16,28: "Sono venuto nel mondo, ora lascio di nuovo il mondo e vado al Padre".
Così, a questo i suoi discepoli rispondono: "Ora parli chiaramente e non usi
similitudini, ora conosciamo che sai tutto...per questo crediamo che sei
uscito da Dio" Il prologo e tutto il vangelo si formano dal moto di Gesù che,
uscito dal Padre torna al Padre. La struttura interna, con la discesa nel
mondo e con la salita al Padre, raggiunge nella nostra vita il suo vertice
nel dono della luce, della grazia e della verità che, se accolte, ci rendono
figli di Dio. Il Prologo è l'inizio del vangelo di Giovanni che illustra,
anticipandoli e sintetizzandoli, tutti i temi del Vangelo di Giovanni: Gesù è
il Verbo di Dio che si fa carne e viene ad abitare tra noi. Possiamo
distinguere quattro sezioni in cui si intrecciano i significati - della
identità del Verbo e della sua missione nel mondo, rivelatore del Padre e
salvatore, - della missione di Giovanni Battista, - del rifiuto e della
fede del mondo in Cristo Gesù, - di pienezza di Cristo. La prima
sezione (vv. 1-5) ci presenta il Verbo, come Dio, origine e mediatore della
creazione, vita e luce. Egli è fonte di vita per gli uomini in quanto
creatore con Dio e in quanto luce degli uomini. La luce rivela ciò che è
nascosto: il mistero di Dio, e ciò che si nasconde nelle tenebre: il peccato
degli uomini. L'evangelista Giovanni afferma che, a causa della
resurrezione, il Verbo è più forte delle tenebre e della morte.
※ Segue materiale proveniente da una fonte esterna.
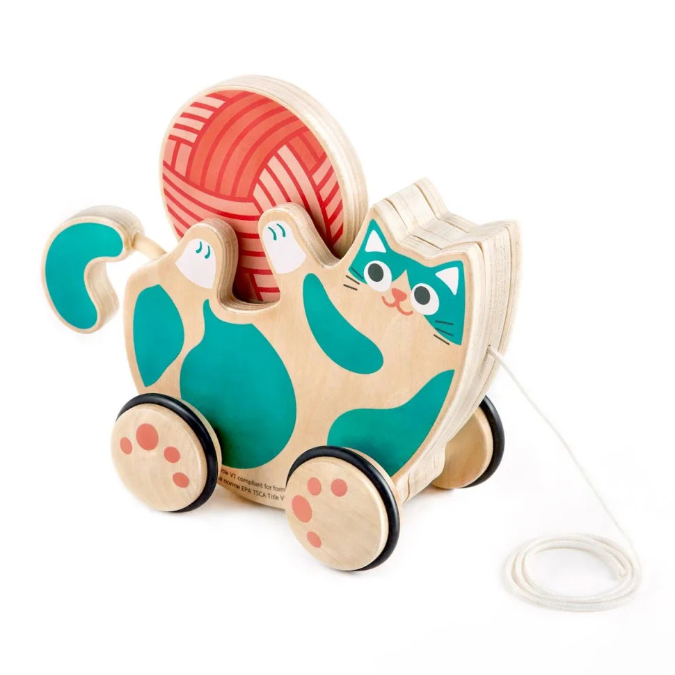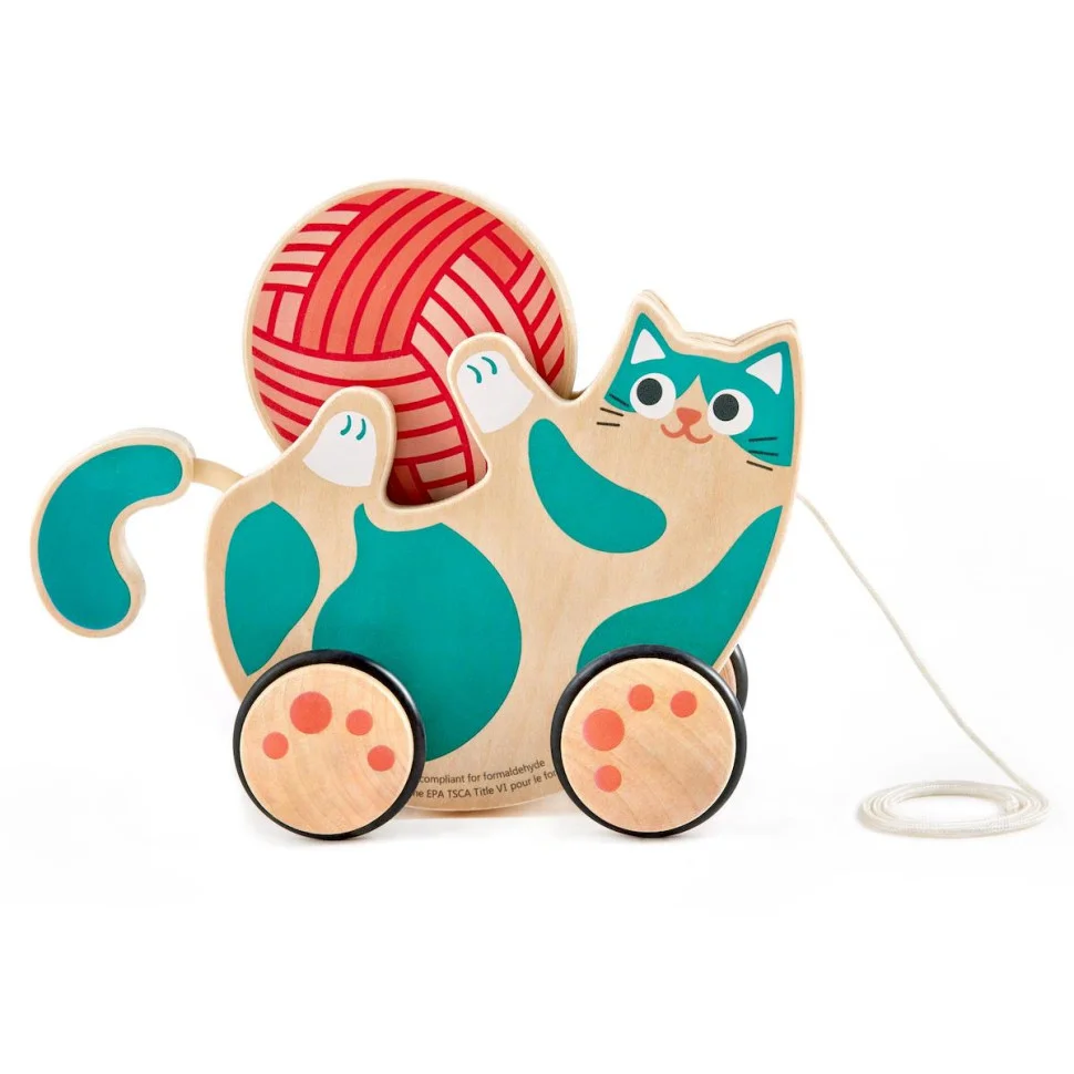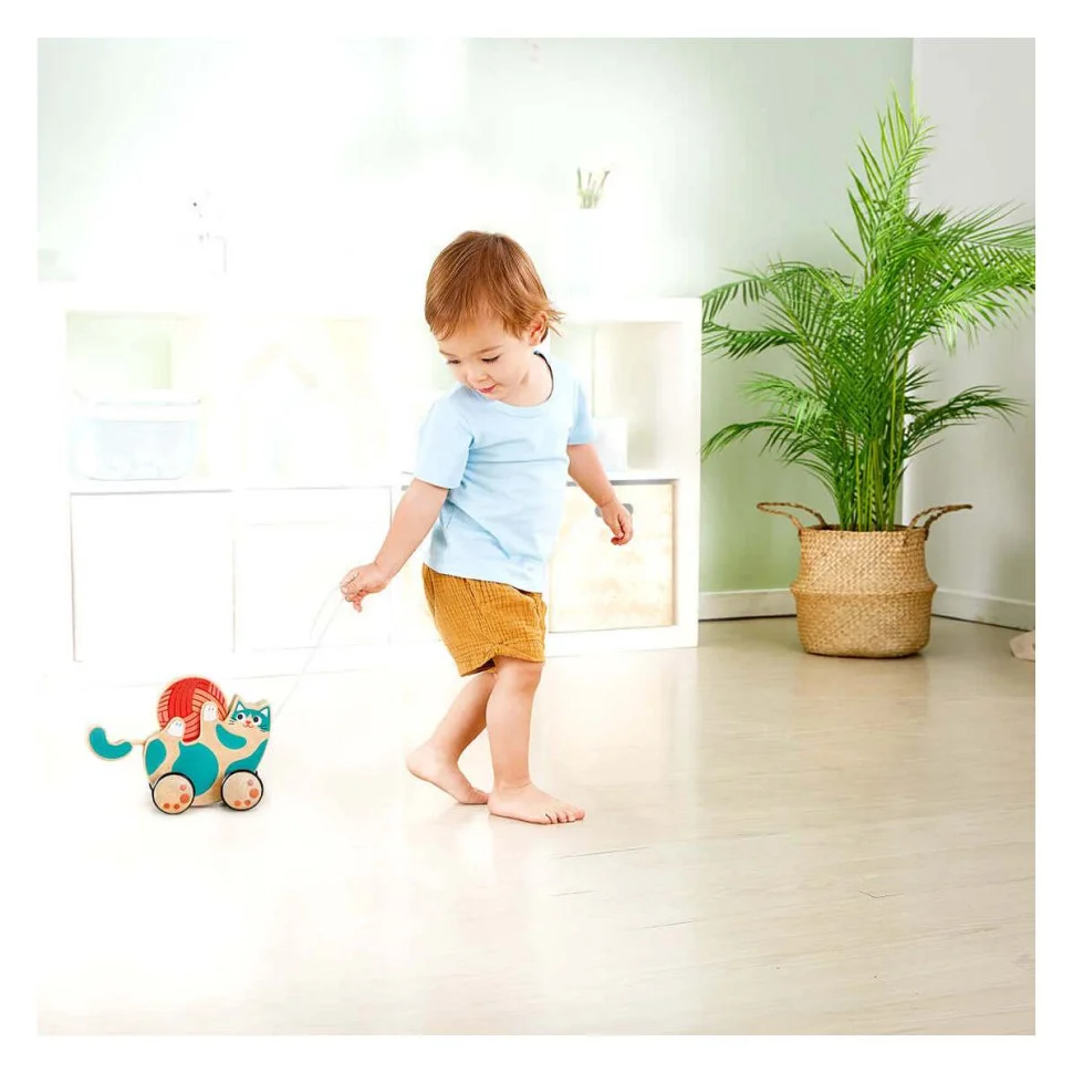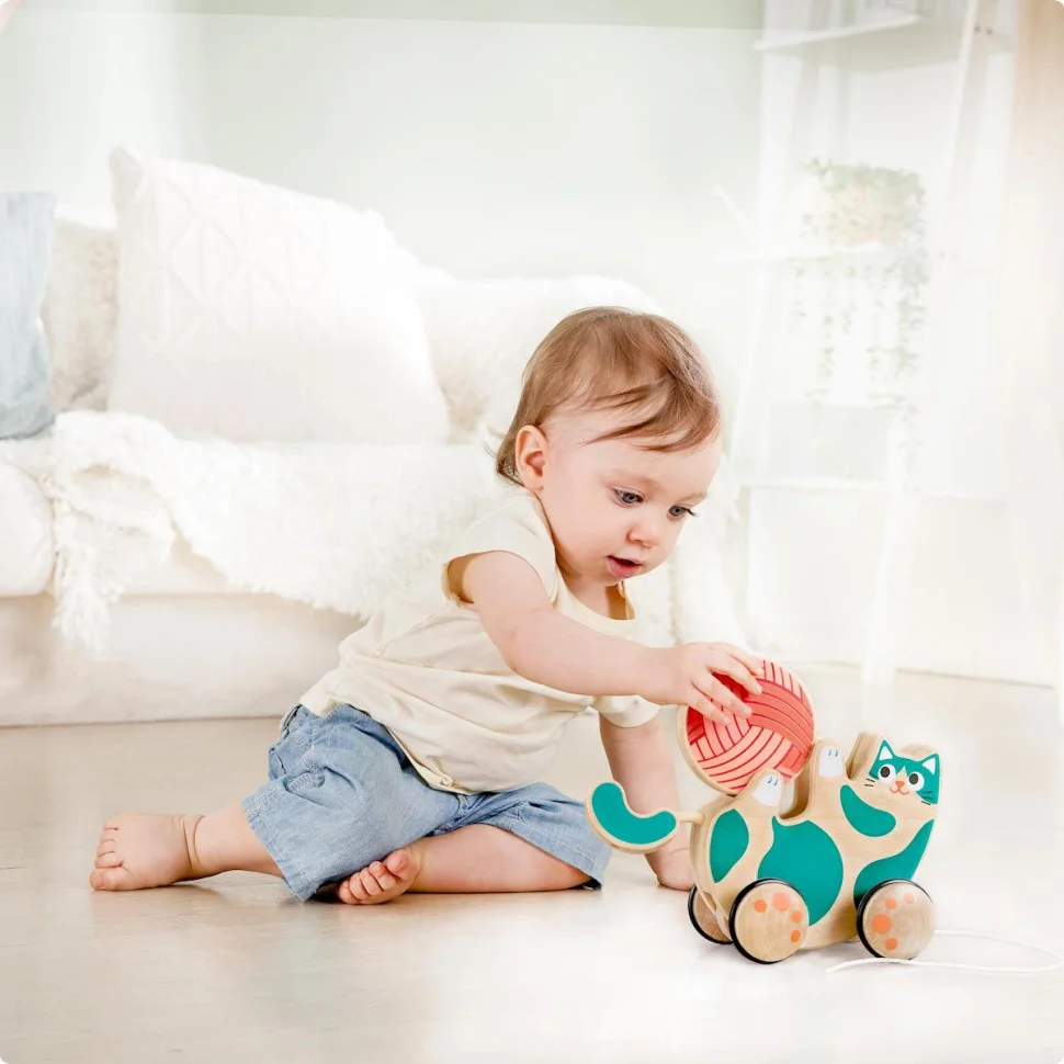- Дитина може тягнути каталку за мотузочку, спостерігаючи, як веселе кошеня рухається вперед та повзе за ним.

La seconda
sezione (vv. 6-9) parla di Giovanni il Battezzatore come testimone che viene
da Dio per mostrare al popolo ebreo la luce di Cristo, la luce vera che
illumina la vita di ciascuno di noi. Giovanni il Battista è consapevole di
non essere lui la luce, ma il suo compito è quello di dare testimonianza a
Gesù, che è venuto come la luce vera.